Intro

I live in a creative community that inspires me. With my family and friends, I create...memories.

Sunday, August 19, 2012

The Irresistible Allure...

...of Band-Aids.

Know any kids obsessed with Band-Aids?  Of course you do.  If they have ever had one, a child wants MORE.  Band-Aids are super-fun, like temporary tattoos you can reposition and replace whenever you like.  You can identify yourself easily as a fan of Spider-Man, Perry the Platypus, or Cinderella, and their pleasant (or intense in the case of Perry) faces can peep up at you throughout the day.

I have heard from more than one mother of a child in daycare or parents' day out that a surprising by-product of their group childcare was a collector's passion for Band-Aids.  And, of course, the Band-Aid is the ultimate balm to a much-loathed vaccination; woe to the doctor's office that only has plain in stock!

However, I would hazard that our kids' Band-Aid obsession has a deeper significance than they, or perhaps even we, can articulate.  In a couple of slightly different ways, the Band-Aid attracts the attention our hearts are longing for.

As an adult, when will you wear a bandage?  When your wound is really ghastly or when you need others to know that you have been injured.  Kids are less likely to think, "I need to put on this Band-Aid so I don't get germs and dirt in this wound that could cause an infection."  But they will often show off their Band-Aids, hopefully giving them the opportunity to regale you with stories of their near-death disaster or draw your concern and kindness, and perhaps even a special reward!

Band-Aids are cool, the body art that kids love (ever known a toddler that didn't use that marker pack on their own personal canvas?)  Band-Aids attract special favor from the general public.  But more poignantly, Band-Aids fill a need for individual validation that humans are constantly seeking.

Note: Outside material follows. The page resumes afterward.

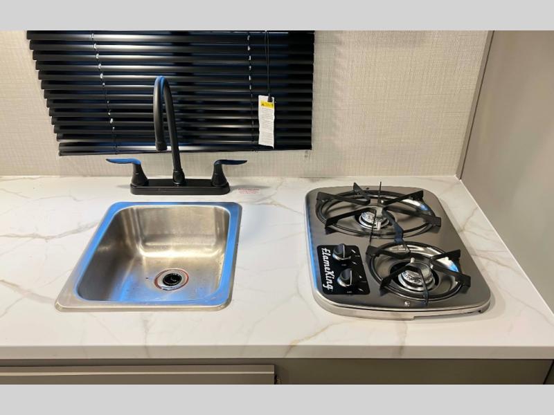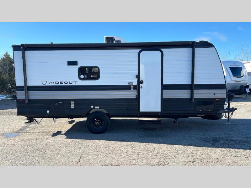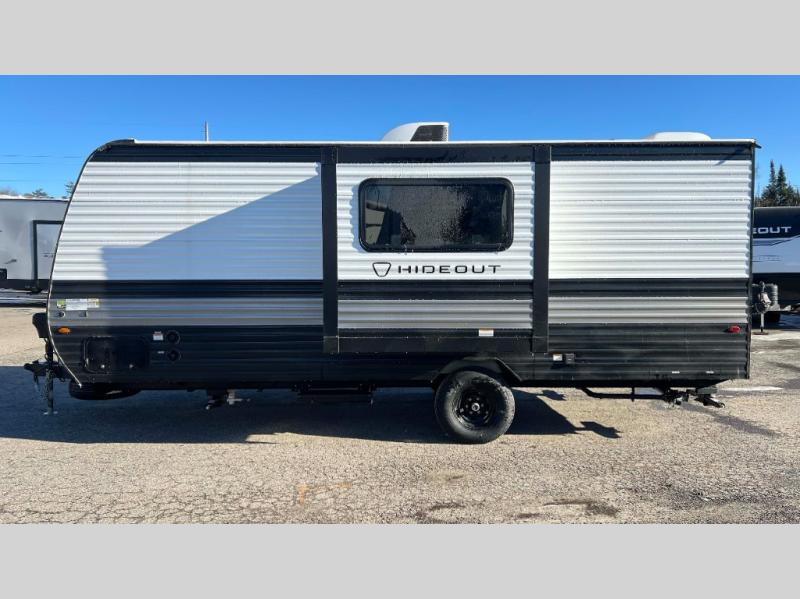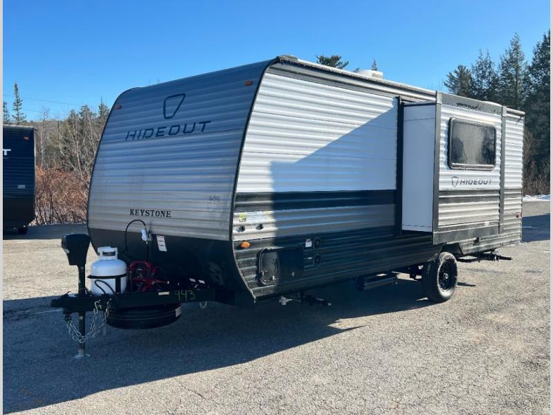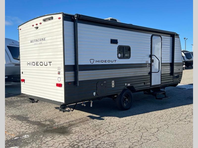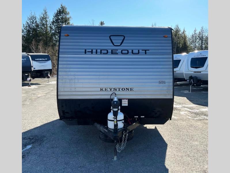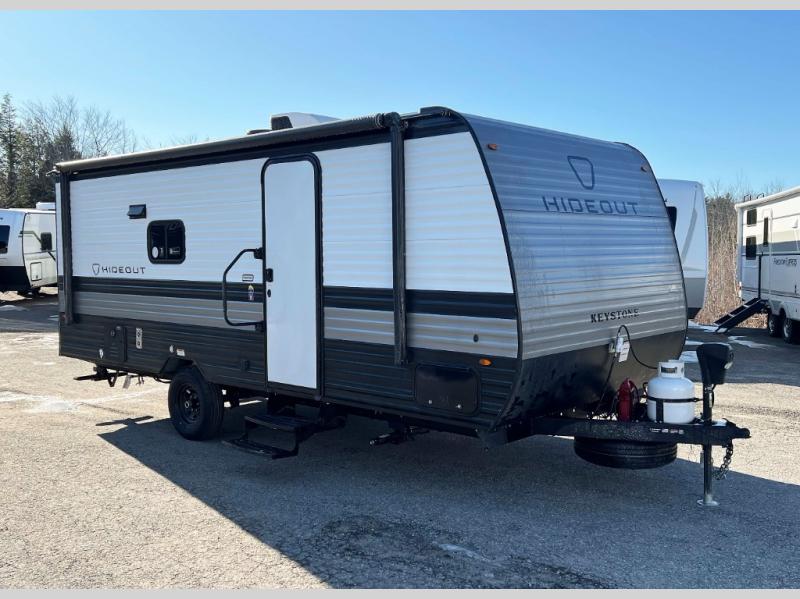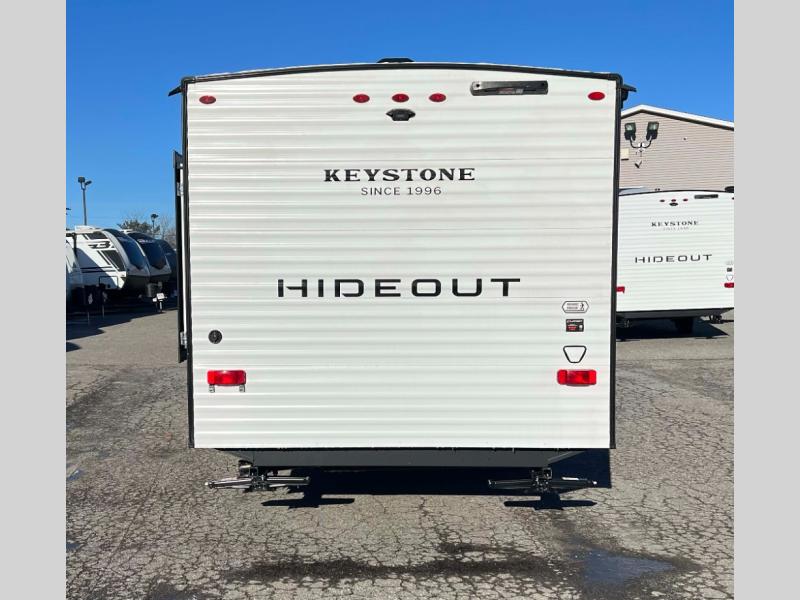 With any Hideout Mini travel trailer by Keystone, you will enjoy lightweight towing thanks to their single axle! The XL tinted safety glass windows are ultra durable, and the power awning will provide protection from the sun as you relax in your camp chairs outside. Each model includes blackout night shades, LED lighting, plus many more interior comforts. There is also a 20K BTU furnace to keep you comfortable, plus a tankless water heater for endless hot showers!

You have possibly experienced a physical ailment that couldn't be classified by doctors.  Your family or friends wished you would stop complaining about it.  You deeply want someone to validate your pain, but empathy was in short supply.  More likely, you've had a sickness of heart or spirit that was not understood.  You were unable to express your pain in words, and you so desired someone to crawl up next to your pain and help you push past it.

Enter the Band-Aid.  A small child lives in the moment.  The pain on which they're focused is the most immediate, and they need you, as a caregiver, to come up beside it and help them push past it.  There are many ways to go about this, but one which symbolically and even physically attends is the Band-Aid.  When a caregiver pulls out the Band-Aid, the child's feeling of pain is validated.  There may be no blood.  The skin may be completely unscathed.  This is unimportant.  Physical pain is a cakewalk for a parent compared to hurt feelings. 

And so we stock Band-Aids.  We offer them as a sign to communicate love and understanding, not just as a medical expedient.  The Band-Aid says, "I believe you.  I believe you are hurting.  I believe you need my help.  I want to help you."

"Do you feel better now?"  The answer is so often, "Yes," we keep doing this over and over through the years.

I think a lot about children and how they deal with pain, injury, medical procedures, and hospitalizations.  By and large they handle it better than adults would.  There are many reasons I hope to explore, but an important one is that usually there is someone alongside them who validates their pain, someone who would do anything in the world to take that pain away.  Even though their caregiver can't do that, they offer balms to the spirit and the heart that so many of us as adults lack when we are in pain.

Do you have any Band-Aids you can offer today?  I've received meals after babies and hospital stays, designer hand-me-downs in the midst of painful budget restraints, and phone calls and visits when I've been lonely.  We all still need our Band-Aids.  We still want special attention and adornment, but most of all, we want our feelings to reside not solely in our own hearts and heads, but to be real and shared, validated by someone we love.